Poor Yahoo

Yahoo’s a mess. Well, we already knew that (and I do tend to beat them up rather often). But looking at the Huffpo/Slate/Yahoo debate episode, it hit me anew what a mess they are. Consider:

* Their spokesman tells Wired.com that users will be able to mash-up the videos (it was, after all, called the Mash-up Debate), then tells them that users can’t, then Arianna Huffington says they can, and now they can. Sort of. (I ranted based on the Wired report and the spokesman’s words and then corrected that when I got email from Arianna. I emailed back to her that I do think Huffpo could have done a better job of this debate on their own.)

* From the main debate page, I can find no link to, reference about, explanation of the separate mash-up site and what you may do there, can you?

* From the mash-up site at JumpCut, I cannot figure out how to start mashing. Steve Garfield’s a smarter guy than I, so he did manage to mash: “It takes some work though since the online interface isn’t as direct as that of a desktop editor. . . ” It’s supposed to be easier than a desktop editor; it’s that the idea? I can’t tell whether you can add your own commentary, which would make it a true mashup. Can you? There is, however, a nice “remix” link on Steve’s mashup, taking me to the editor (ah, there is is) and allowing me to redo what he redid. I like that.

* From the main debate page, I can find no way to get the embed code to put the clip on my blog and spread promotional goodness to Yahoo and its partners. Can you?

* As near as I can tell, one has to go to the Yahoo video page and search for the debate video and then get the embed code.

* But once embedded, the next user who wants to embed it can’t get the code from the player and has to go through the same search (or at least I can’t find it).

It’s as if Yahoo put a condom on their video to prevent viral spread.

* The debate fell off the Yahoo home page quickly. So much for Yahoo’s promotional firehose (their frequent phrase). So I try to find it again. It should be in Yahoo News. But, shockingly, I don’t find “news” in their navigation (can you?); God knows how it got so popular. I have to click on a “more news” link in the box in the center of the page to get to the Yahoo News home page. From there, I find a small promo.

* From the Yahoo Video home page, I find no mention of the debate.

* From the Jumpcut home page, I find no mention of the debate.

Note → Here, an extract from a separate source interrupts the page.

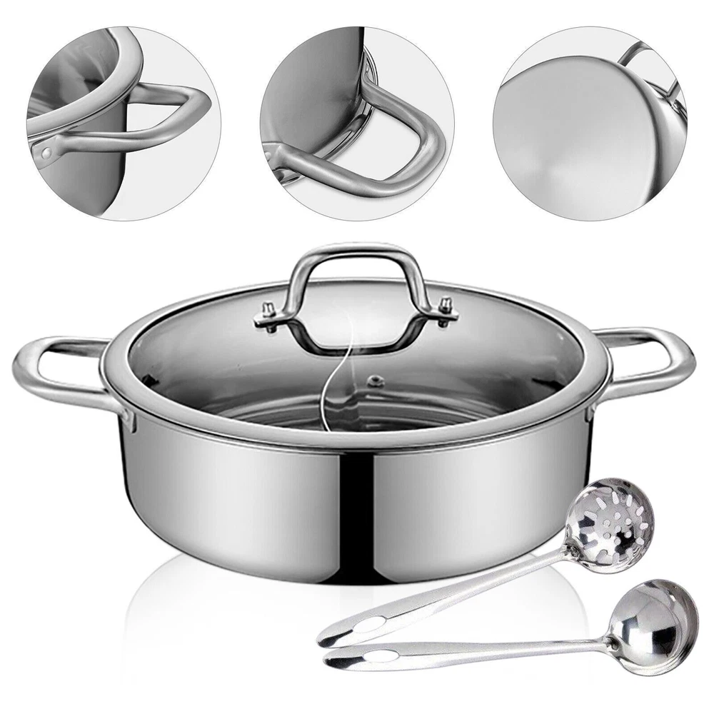 Description: Material:304 Stainless Steel Finish Type:Clear Cut Color:Silver Item Dimensions: 28cm(11inch) Hot pot: LxWxH 11 x 11 x 3.5 inches 32cm(12.6inch) Hot pot: LxWxH 12.6 x 12.6 x 3.7inchs About this item FOOD GRADE MATERIAL Our shabu hot pot is made of food grade 304 stainless steel which could be more durable, lightweight and faster heated.Food grade material guarantee make you safer and more rest assured to enjoy your shabu hot pot time! 28/32cm Stainless Steel Shabu Shabu Dual Sided Cooking Soup Hot Pot with Lid 28/32cm Stainless Steel Shabu Shabu Dual Sided Cooking Soup Hot Pot with Lid Description: Material:304 Stainless Steel Finish Type:Clear Cut Color:Silver Item Dimensions: 28cm(11inch) Hot pot: LxWxH 11 x 11 x 3.5 inches 32cm(12.6inch) Hot pot: LxWxH 12.6 x 12.6 x 3.7inchs About this item FOOD GRADE MATERIAL Our shabu hot pot is made of food grade 304 stainless steel which could be more durable, lightweight and faster heated.Food grade material guarantee make you safer and more rest assured to enjoy your shabu hot pot time! SAFE&DELICATE DESIGE Dual sided divider designed soup cooking pot which could provide you to enjoy two different flavors soup at the same time. The cookware divider is connected with high encryption spot welding procedure so that it will not be easy to leak. Double bottom design which could be more safe used,nice looked and will not slow down the heating efficiency.Rubber covered handle prevent you from scalding. PACKAGE INCLUDED By purchasing our shabu hot pot you will also get 2 food grade stainless steel soup ladles and 1 thicken toughened glass lid. Perfect size and set which is suitable for family, friend party and hot pot restaurant using.Applicable to induction cooker, electric ceramic stove, gas stove, halogen furnace and other stoves. 【FRIENDLY TIPS】 1. Due to the water-tight design, the S-type separator needs to be welded in the middle of the pot so that the weld line could not be covered.If you care about this,we don’t actually recommend you to purchase this. 2. Stainless steel pot itself will not turn yellow, black, rust. This can happen if the heat is too high or if there is oil residue on the outer wall of the pot. So after use, please thoroughly clean and dry, placed in the dry place, to avoid food oil residue. Features -Clapboard solder joint's spacing was very uniform, with bottom pot is very fit. -High encryption spot welding procedure, not easy to leak. -Dual Sided for putting two different flavors. -Double bottom design which could be more safe used,nice looked and will not slow down the heating efficiency Ideal Gift -Nice Gift For Birthday, Anniversary, Celebrations. -Excellent Gift For your daughter, mother, grandmother, colleague, partner, students, girlfriends. Payment Delivery details Terms of sales About us Contact us Payment We accept ebay payment 。 Fees such as import duties, taxes are not included in the item price or shipping costs. These charges are the buyer's responsibility. Delivery details Shipping: 2-9 working days to: USA Terms of sales We maintain high standards of excellence and strive for hundred percent customer satisfaction. Feedback is very important to us. We hope that you contact us immediately before you give neutral or negative feedback, so that we can address your concerns. It is impossible to address issues if we do not know about them! About us Your satis faction is our ultimate goal. We work hard to earn your trust and future business. Our certified technicians have tested each item before shipping. The unit comes with 1 year limited warranty on all manufacturing defects. a) If you receive a defective item, you may return it or ask for a discount. Please contact us within 14 days after you receive the package. b) What you returned must be intact and in its original packaging as re? u. Customer is responsible for shipping costs of the returned item. c) We will cover the cost of shipping back t with the shipping rate indicated in the registration page. We will send you a new unit or refund the full payment you paid. Thank you. Contact us Business Hour Business Hour: Monday To Friday: 8:30 AM to 5:00 PM (Beijing China time) Due to time zones, our reply to your questions may not be immediately. But within above working time, we will reply your email within 24 hours. If it's non-workdays, please kindly be patient and wait till Monday. Please contact us with ebay message. Please feel free to contact us if you have any questions. Monday To Friday: 8:30 AM to 5:00 PM (Beijing China time) Due to time zones, our reply to your questions may not be immediately. But within above working time, we will reply your email within 24 hours. If it's non-workdays, please kindly be patient and wait till Monday. Please contact us with ebay message. Please feel free to contact us if you have any questions. Stove Type Compatibility Induction Brand Unbranded Surface Coating 304 Stainless Steel Set Includes Stockpot Color Silver Type Stockpot Material 304 Stainless Steel Features With Lid Item Diameter 28/32cm Item Width 28/32cm Country/Region of Manufacture China Manufacturer Warranty 3 Years Shape Oval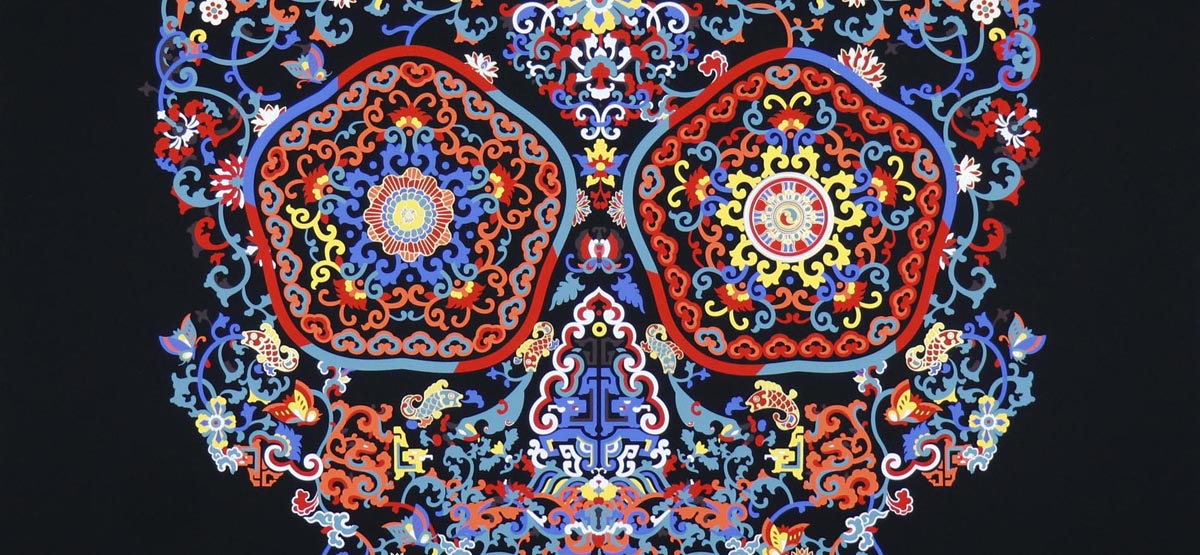 In Tsai’s rendition of cloisonné it reflects the beautiful patterns and typical Eastern motifs of flowers, koi fish and butterflies seen in traditional ceramics. The bold, flat colours reference the areas of enamel inlay seen in the cloisonné technique, but also replicate the vibrant immediacy of Western Pop Art. While this image of a single - somewhat intimidating - skull floating against a flat background has been seen in previous works by Tsai, he explores a new way of interpreting this image in

Perhaps I’m just blind and these pages do carry some of the elements I can’t find. Still, it’s not a good sign that I can’t find them.

So imagine you heard there was this cool debate mash-up thing on Yahoo. I dare you to go to Yahoo and find it and embed a video in your blog and then mash-up some video. When will you give up?

Mind you, Yahoo’s power is supposed to be that it is a portal — a path to finding and doing things. But it makes it damned difficult to get to either. That’s both a failure of Yahoo as a portal and, I think, of portals as a whole.

Maybe Jerry Yang should have given himself more than 100 days to figure out how to fix this thing.

: LATER: See this Adweek story (via PaidContent) about the wisdom of spreading out past the portal, as Google has — WWGD? — yet Yahoo is still sticking to its portal model:

In late 2004, Yahoo CEO Terry Semel, speaking at the Association of National Advertisers, used a familiar metaphor for the company’s strategy: a digital theme park that tempts visitors with endless attractions to get them to stay inside the gates. Analysts credited the strategy for reviving the company’s fortunes following the dot-com bust.

The problem is, we don’t like gates.

“It’s a reflection of consumer behavior,” said Bryan Wiener, CEO of digital agency 360i. “They’ve been disaggregating themselves. They’re spending less time on portals and spreading themselves to blogs and elsewhere.”

Google recognized that early on by stitching together a far-flung network of sites that now accounts for over half its revenue. That’s led Yahoo and fellow Internet 1.0 portals AOL and MSN to expand in a similar way. . . .

The shift from portal-centric strategies comes hand in hand with the rise of user-generated content and social networking sites like MySpace and Facebook redirecting consumer Web behavior away from marquee sites, according to analysts. . . .

Yet the portal is not going anywhere soon, said Todd Teresi, svp of display marketplaces at Yahoo. Instead, it will continue to serve a key role in collecting a trove of behavioral data about consumers that can then be used to target advertising to them when they leave Yahoo’s gates for other sites.